Hurrying to Grandpa’s house, Emanuel tried to explain. “Friends, I don’t have any special power. It’s not the prayer that heals. Nor does it matter who does the praying. Anyone who truly believes in God and prays in Jesus’ name can ask for God’s help. It’s not like the magic that you are used to. God actually thinks. He loves us and listens to us. Talk to Him like a friend.”

“Yes, yes,” they replied. “That’s all fine and good. But pray for Grandpa or he will die. Please, don’t be heartless. Pray for him so that he will live!”

Emanuel didn’t know what to do. It was clear that the people misunderstood God. They thought He was an arbitrary spirit like the ones they knew, or else some kind of magic that would work if the right words were said, or the right power exercised.

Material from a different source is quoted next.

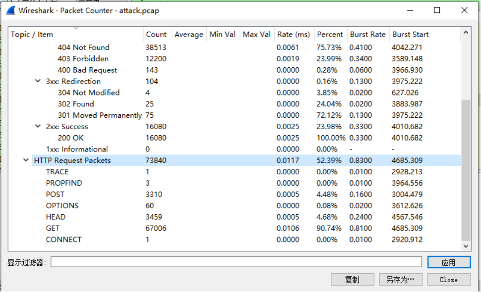 Wireshark里点击“统计”-“HTTP”-“分组计数器”,统计结果为52.39%。
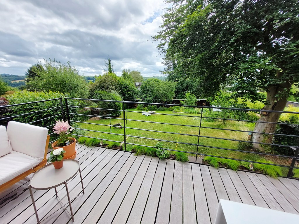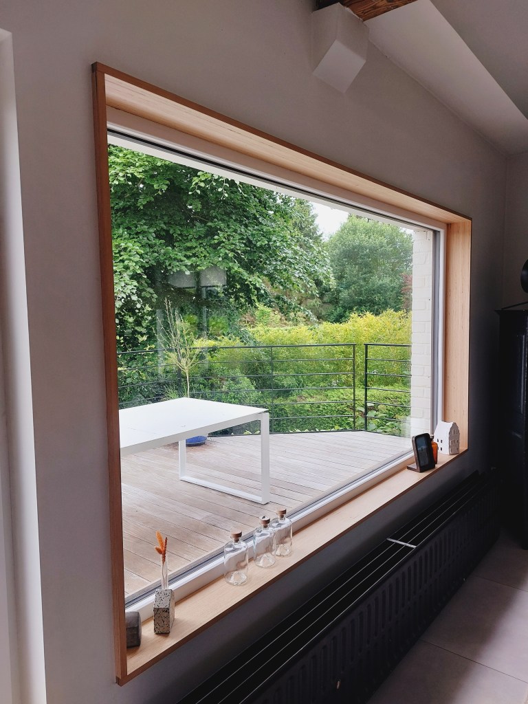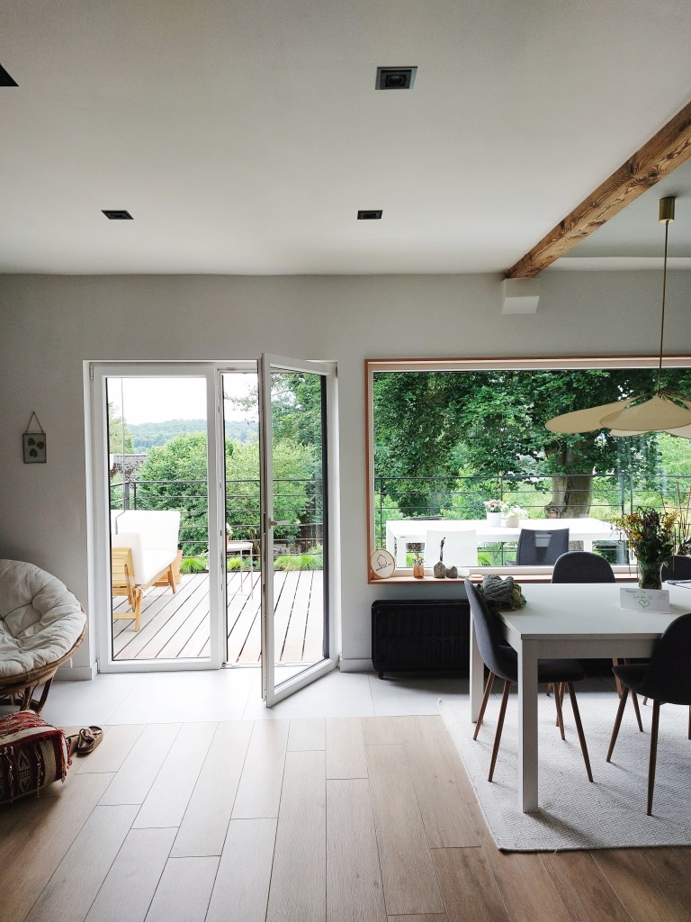 Parmi les éléments marquants, vous trouverez l’encadrement en ®Baubuche autour de cette fenêtre fixe qui la transforme en véritable tableau sur la nature.

He knew from missionary John that this is syncretism. But he also knew that the people couldn’t understand God’s character after just one encounter. Wasn’t it enough for now that they were reaching out to Him as best they knew how? Wasn’t this like Naaman’s attempt to worship Yahweh by bringing home two mule loads of Israel’s soil to sacrifice on? There would be time to teach and explain more in the future. But not if he didn’t help them right now.

“All right,” Emanuel said. “Grandpa, do you believe that God can heal you? Do you choose to ask God for help, and not the spirits?”

“Yes,” Grandpa replied. “Please pray for me!”

Again, Emanuel prayed a simple prayer asking for healing as a witness to the Hanunoo in this village. And once again, within a few hours, Grandpa was healed.

Later that night, as Emanuel taught the people from the Bible, one of Grandpa’s relatives stood up. “We want to be Christians. We have seen enough. We have heard that people become Christians by being dunked under water. We want you to do this to us.”

“Yes!” one of Dado’s relatives jumped up. “We want to be Christians too! Dunk us under the water in the river.”

“Wait a minute! Wait a minute!” Emanuel cried, grinning with joy. “That’s wonderful! God is bubbling over with happiness that you want to become Christians! But first things first. The river is far too cold this late at night. Let’s finish studying God’s book. Let’s learn who God is, where the spirits came from, and how God wants to save us. Then we can get ready for the dunking part!”

And that, my friends, is the story of how God took Emanuel, a fervent young Tawbuid Christian, and worked through him to begin planting churches in the dark, resistant interior of the Hanunoo tribal territory.